Former pleasure pier (1868-1905) in Scarborough, North Yorkshire, England

Scarborough North Pier (1868-1905) was a steamer and promenade pier in North Bay, Scarborough, North Yorkshire, England.

== Planning and construction ==

=== Abortive plans ===

In 1862 the Scarborough Pier and Improvement Company led by engineer Josiah Forster Fairbank issued a prospectus proposing a pier and other facilities on the beach in North Bay for a capitalisation of £20,000.
In 1863 following a setback with his Rock Gardens no further progress was made and the company was finally dissolved in March 1882.

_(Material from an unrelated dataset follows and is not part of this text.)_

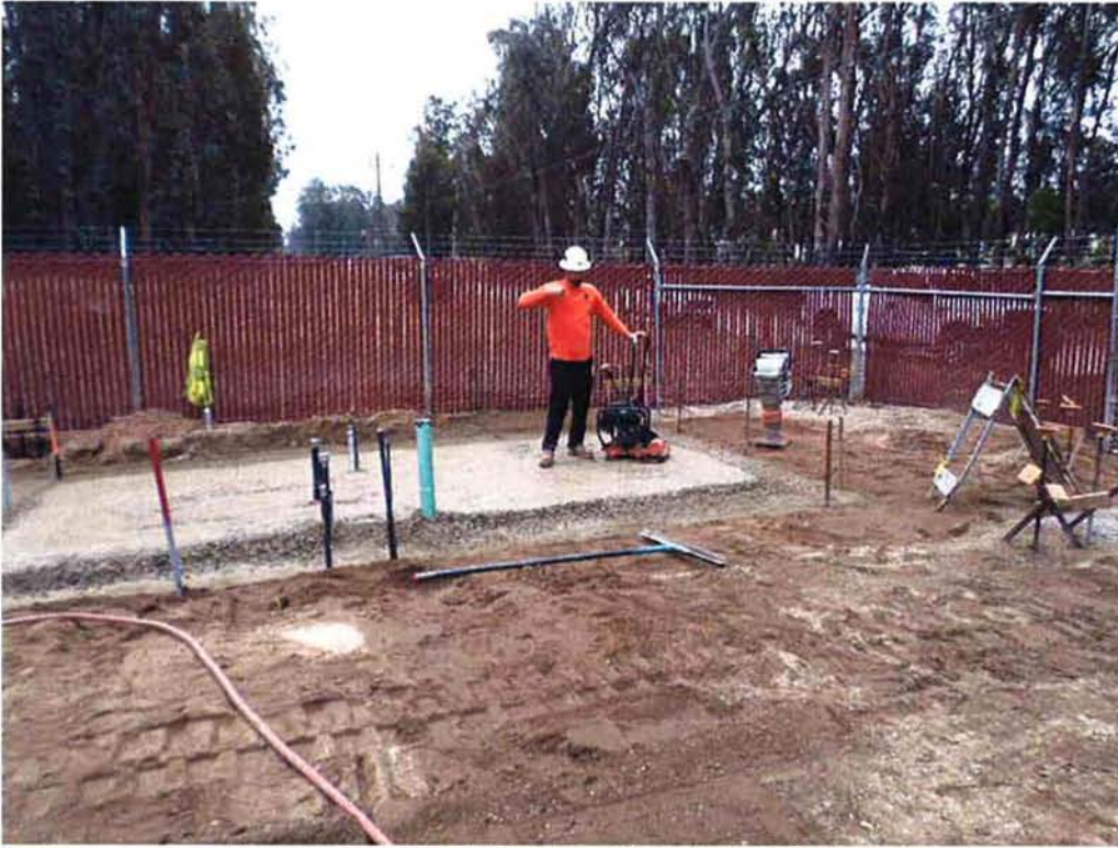
Spieß compacting base material for the Chemical Building slab.
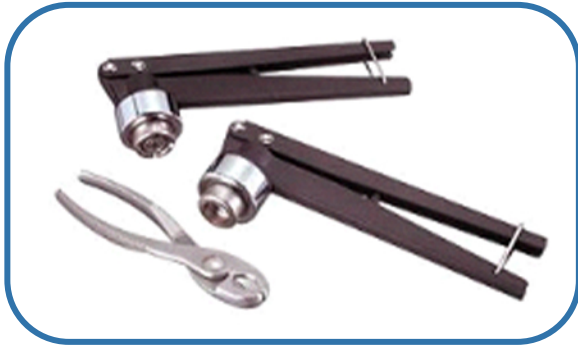
Crimper / Decrimper (Manual- MS)

In 1863 the Scarborough Marine Promenade and Jetty Company was formed with the aim of building a pleasure and steamer pier in the South Bay at Scarborough.
The pier was to be 1410 ft long 45 ft wide with a pier head 225 ft long and 90 ft wide with a saloon, refreshment room and landing stage.
In 1864 despite strong opposition from Scarborough Piers & Harbour Commissioners, Scarborough Corporation and others the Board of Trade gave it a provisional order to proceed, but little further happened.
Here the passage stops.